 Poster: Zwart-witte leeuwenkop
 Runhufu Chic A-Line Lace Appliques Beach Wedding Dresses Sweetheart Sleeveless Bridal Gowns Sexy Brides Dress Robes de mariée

☆ ☆ ☆ ☆ ☆ ☆ ☆

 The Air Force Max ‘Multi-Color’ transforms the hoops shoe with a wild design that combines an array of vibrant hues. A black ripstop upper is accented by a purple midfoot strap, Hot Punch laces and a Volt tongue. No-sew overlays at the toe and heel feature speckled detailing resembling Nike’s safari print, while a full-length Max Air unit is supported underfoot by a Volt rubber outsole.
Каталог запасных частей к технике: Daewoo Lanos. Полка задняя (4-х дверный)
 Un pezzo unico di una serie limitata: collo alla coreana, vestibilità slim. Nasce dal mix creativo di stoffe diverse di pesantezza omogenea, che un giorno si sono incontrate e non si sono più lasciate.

☆ ☆ ☆ ☆ ☆ ☆ ☆

● **EXERCISE DETAILS**
Could you return exactly the stretch of the data above that starts at the line with "Poster: Zwart-witte leeuwenkop" and ends at the line with "Runhufu Chic A-Line", both lines included?

● **TASK OUTPUT**
 Poster: Zwart-witte leeuwenkop
 Runhufu Chic A-Line Lace Appliques Beach Wedding Dresses Sweetheart Sleeveless Bridal Gowns Sexy Brides Dress Robes de mariée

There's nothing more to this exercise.